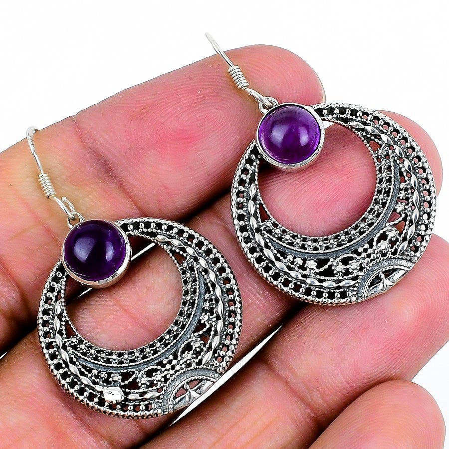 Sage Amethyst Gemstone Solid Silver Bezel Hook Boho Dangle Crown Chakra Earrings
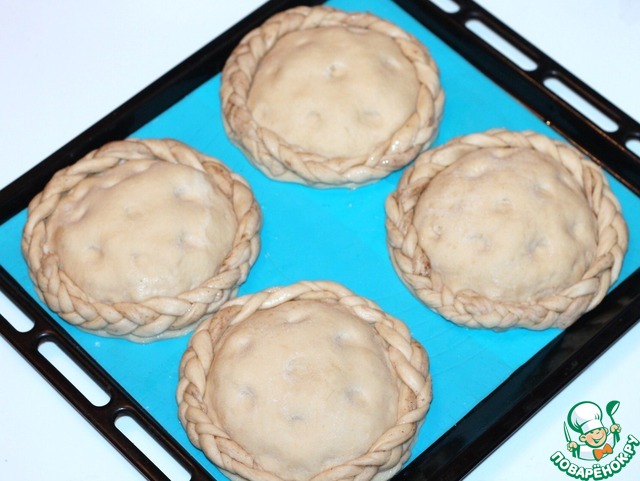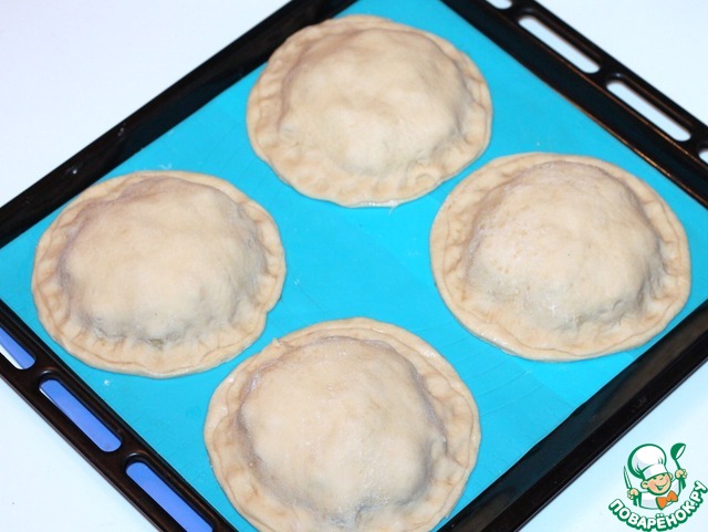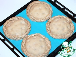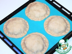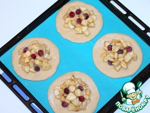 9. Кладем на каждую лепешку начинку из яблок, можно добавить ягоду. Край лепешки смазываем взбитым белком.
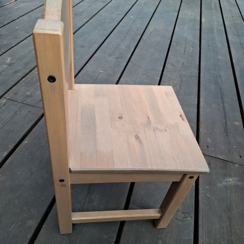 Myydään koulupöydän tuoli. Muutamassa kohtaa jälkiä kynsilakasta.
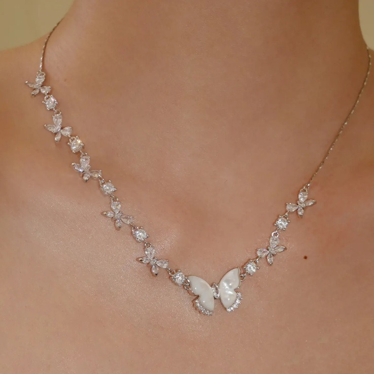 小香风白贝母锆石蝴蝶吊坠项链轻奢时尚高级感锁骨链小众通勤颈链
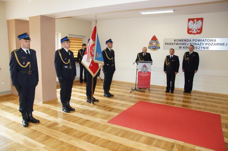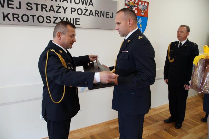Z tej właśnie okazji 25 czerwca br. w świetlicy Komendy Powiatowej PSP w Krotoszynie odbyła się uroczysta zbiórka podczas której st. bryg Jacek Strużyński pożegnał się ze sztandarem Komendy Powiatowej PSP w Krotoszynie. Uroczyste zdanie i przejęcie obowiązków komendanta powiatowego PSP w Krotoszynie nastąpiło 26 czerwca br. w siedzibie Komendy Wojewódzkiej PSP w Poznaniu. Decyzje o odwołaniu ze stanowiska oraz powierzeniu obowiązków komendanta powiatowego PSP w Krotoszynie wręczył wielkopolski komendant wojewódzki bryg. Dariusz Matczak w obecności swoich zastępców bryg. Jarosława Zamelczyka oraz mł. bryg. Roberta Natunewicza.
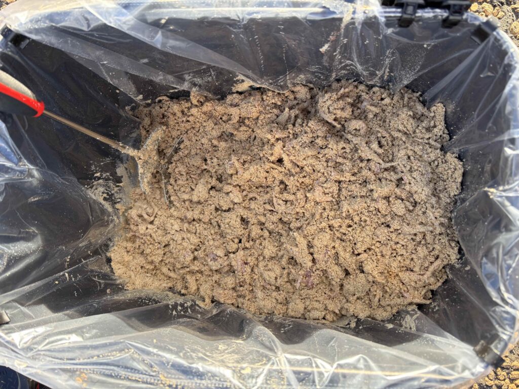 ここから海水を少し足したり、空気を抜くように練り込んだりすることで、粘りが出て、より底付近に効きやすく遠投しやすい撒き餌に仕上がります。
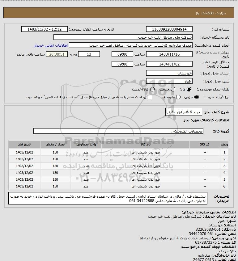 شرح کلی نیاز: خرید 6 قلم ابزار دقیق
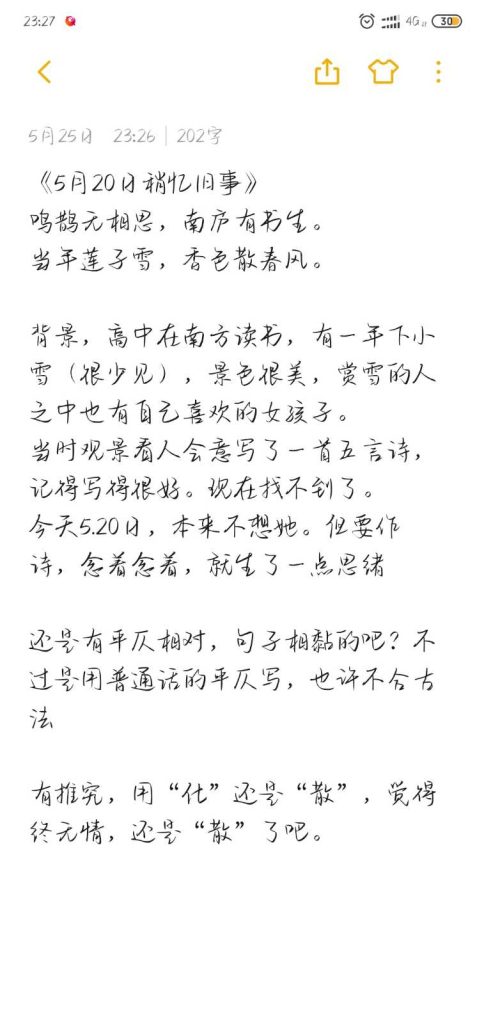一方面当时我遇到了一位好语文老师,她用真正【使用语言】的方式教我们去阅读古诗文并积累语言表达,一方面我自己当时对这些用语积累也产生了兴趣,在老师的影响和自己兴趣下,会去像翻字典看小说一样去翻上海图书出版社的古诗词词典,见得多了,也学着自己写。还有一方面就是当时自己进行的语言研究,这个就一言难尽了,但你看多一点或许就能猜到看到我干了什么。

......

» **Task details**
For every line above, produce an exact transcription that omits the images.

» **Answer space**
 Sage Amethyst Gemstone Solid Silver Bezel Hook Boho Dangle Crown Chakra Earrings
 9. Кладем на каждую лепешку начинку из яблок, можно добавить ягоду. Край лепешки смазываем взбитым белком.
 Myydään koulupöydän tuoli. Muutamassa kohtaa jälkiä kynsilakasta.
 小香风白贝母锆石蝴蝶吊坠项链轻奢时尚高级感锁骨链小众通勤颈链
Z tej właśnie okazji 25 czerwca br. w świetlicy Komendy Powiatowej PSP w Krotoszynie odbyła się uroczysta zbiórka podczas której st. bryg Jacek Strużyński pożegnał się ze sztandarem Komendy Powiatowej PSP w Krotoszynie. Uroczyste zdanie i przejęcie obowiązków komendanta powiatowego PSP w Krotoszynie nastąpiło 26 czerwca br. w siedzibie Komendy Wojewódzkiej PSP w Poznaniu. Decyzje o odwołaniu ze stanowiska oraz powierzeniu obowiązków komendanta powiatowego PSP w Krotoszynie wręczył wielkopolski komendant wojewódzki bryg. Dariusz Matczak w obecności swoich zastępców bryg. Jarosława Zamelczyka oraz mł. bryg. Roberta Natunewicza.
 ここから海水を少し足したり、空気を抜くように練り込んだりすることで、粘りが出て、より底付近に効きやすく遠投しやすい撒き餌に仕上がります。
 شرح کلی نیاز: خرید 6 قلم ابزار دقیق
一方面当时我遇到了一位好语文老师,她用真正【使用语言】的方式教我们去阅读古诗文并积累语言表达,一方面我自己当时对这些用语积累也产生了兴趣,在老师的影响和自己兴趣下,会去像翻字典看小说一样去翻上海图书出版社的古诗词词典,见得多了,也学着自己写。还有一方面就是当时自己进行的语言研究,这个就一言难尽了,但你看多一点或许就能猜到看到我干了什么。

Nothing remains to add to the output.